Sometimes when I most crave time with Elena, she pushes me away. Have I done the same to my mother? Stuck in my point of view, all I hear is my mother in my teenage years, with her bad English and her haughty attitude, trying to fit in and failing. Maybe it’s enough to understand her briefly. To know that she’s (a little) right – everything is about culture and language. To me “concubine” is a slur. To her the word means nothing more than thousands of other words she’s said in her life.

My mother’s culture says that young women must serve and sacrifice. A few days ago, I asked Elena if I could eat one of her french fries. She thought about it, then said: “I’d like to give you a chip, mummy, but I’m sorry, I think I will want to eat all of them.” I laughed, trying to decide if this was time to teach her sharing, or to be grateful that my daughter knows how to say “no”. Deep down, I was relieved. My god, I thought, I did this. This is my reaction to a generation of overbearing immigrant mothers and their selfless-daughter dogma. And that dogma happened because of a previous mother, and one before that.

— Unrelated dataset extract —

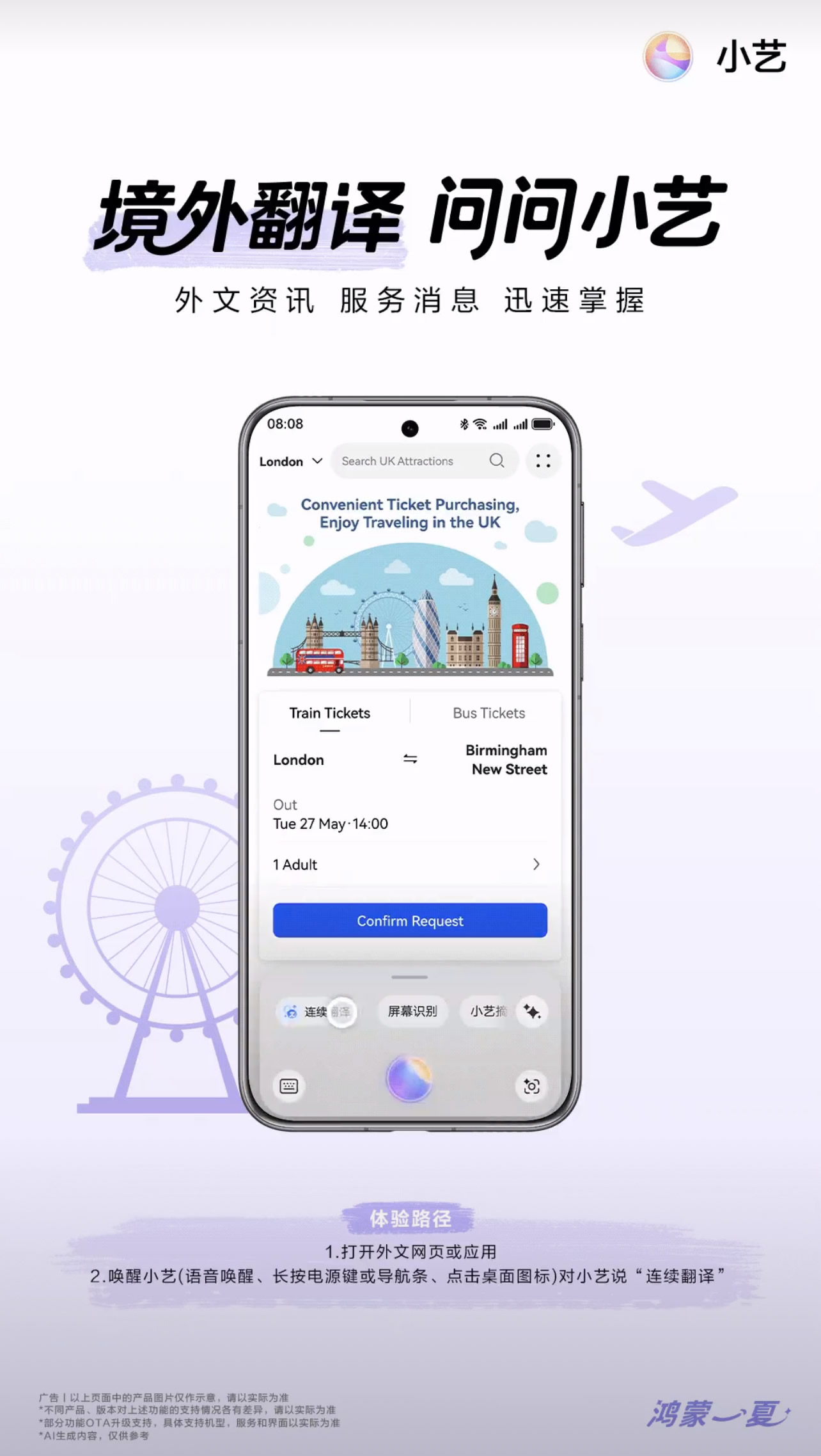 境外游時,難免遇到瀏覽當地網站訂票、打車時卻發(fā)現根本看不懂的麻煩。升級到鴻蒙 5.1的用戶這時就可以用小藝“連續(xù)翻譯”功能解決。長按小藝導航條,點擊“連續(xù)翻譯”服務即可體驗,一次開啟就能實現屏內邊瀏覽邊翻譯的系統級連續(xù)翻譯體驗,支持截屏、文檔、瀏覽器等全場景的連續(xù)性翻譯。

My writer friend, the fellow Asian with the kind heart, sent me some words by the Buddhist monk Thích Nhất Hạnh. Our talents and our faults, Nhất Hạnh wrote, are all inherited. They’re not our own. My friend wants me to accept that we’re not very different from our mothers. She wants me to fight on, and to fight better.

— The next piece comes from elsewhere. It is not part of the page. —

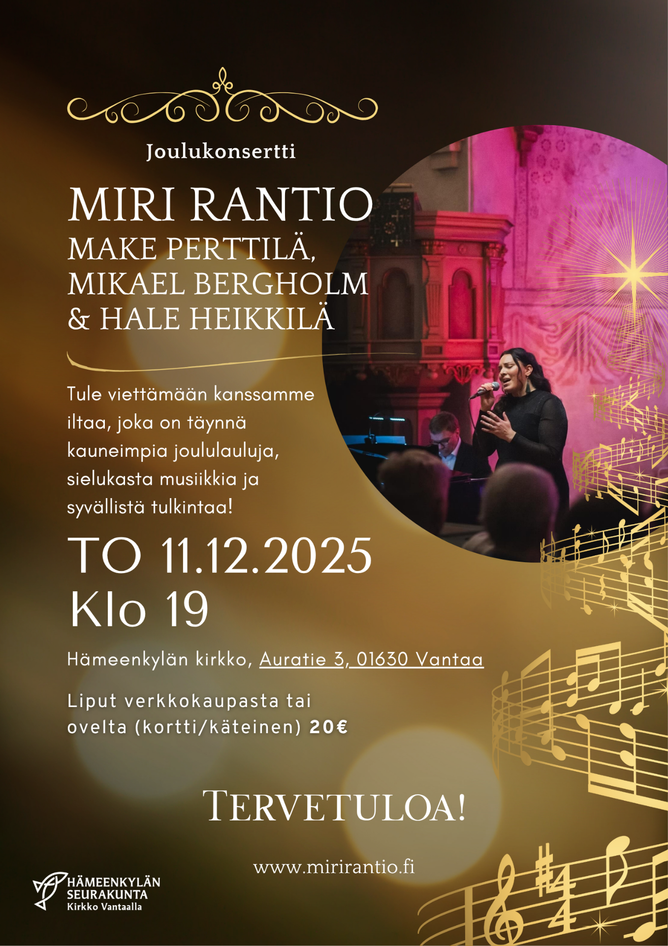 11.12. Joulukonsertti / Miri Rantio, Make Perttilä, Mikale Bergholm & Hale Heikkilä / Hämeenkylän kirkko Klo 19 >> Lipunmyynti verkkokaupassa tai ovelta klo 18.30

Many grown children understand that you can love someone deeply and not like them at all. And we prepare ourselves to survive the painful moment when our own child struggles with this distinction – we hope they’ll like us and love us, too, but the frightening possibility remains: maybe it won’t be a struggle for them; maybe they’ll just decide that loving us is enough. So we close their bedroom door and count the minutes, trying not to listen as they do their playtime ablutions, negotiating borders that we’ll one day have to respect.

I understand now that Elena’s values will one day be unfathomable to me. But will I want her to perform a lie so that I can grow old inside a fantasy room? When I was younger, I’d roll my eyes when I saw children faking politeness or care so that they could get a treat. “Doesn’t that mother know she’s being manipulated?” I’d think. Now when Elena puts on an act, I’m just grateful that she’s delivering the lines. The performance is a gift. I imagine my daughter at 30, performing love and devotion, suppressing a long sigh as I sniff her neck, and I think, you know what? I’ll take it.

Sometimes I pretend for Elena, too – I don’t actually care that much about unicorn politics from My Little Pony – and I remember all the times my mother has tried to mimic western-style boundaries for my sake. (It was too much to ask her to knock before entering my childhood room, or call before she visited my adulthood home, but now and then she’d toss me a ceremonial “is this a good time?”) I judged her for navigating these American boundaries so clumsily, plodding along until something stressful caused her to stumble and her gargantuan rucksack of Iranian expectations spilled out.

“They’ve been through so much,” my friend reminds me.

Be kind, she means, and remember the funny doctor who solved maths puzzles and, in another universe, could have been my friend. Imagine her as a confused child, tiptoeing that dark minefield of a mid-century Tehrani household, slapped for uttering a mysterious new word. I take a deep breath and agree to the next session with the English therapist who makes us behave. Briefly, I look forward to seeing my mother’s face. I miss the good-smelling bunker. I turn on Zoom, we nod hello. Then we open our mouths, speaking over each other in our foreign tongues.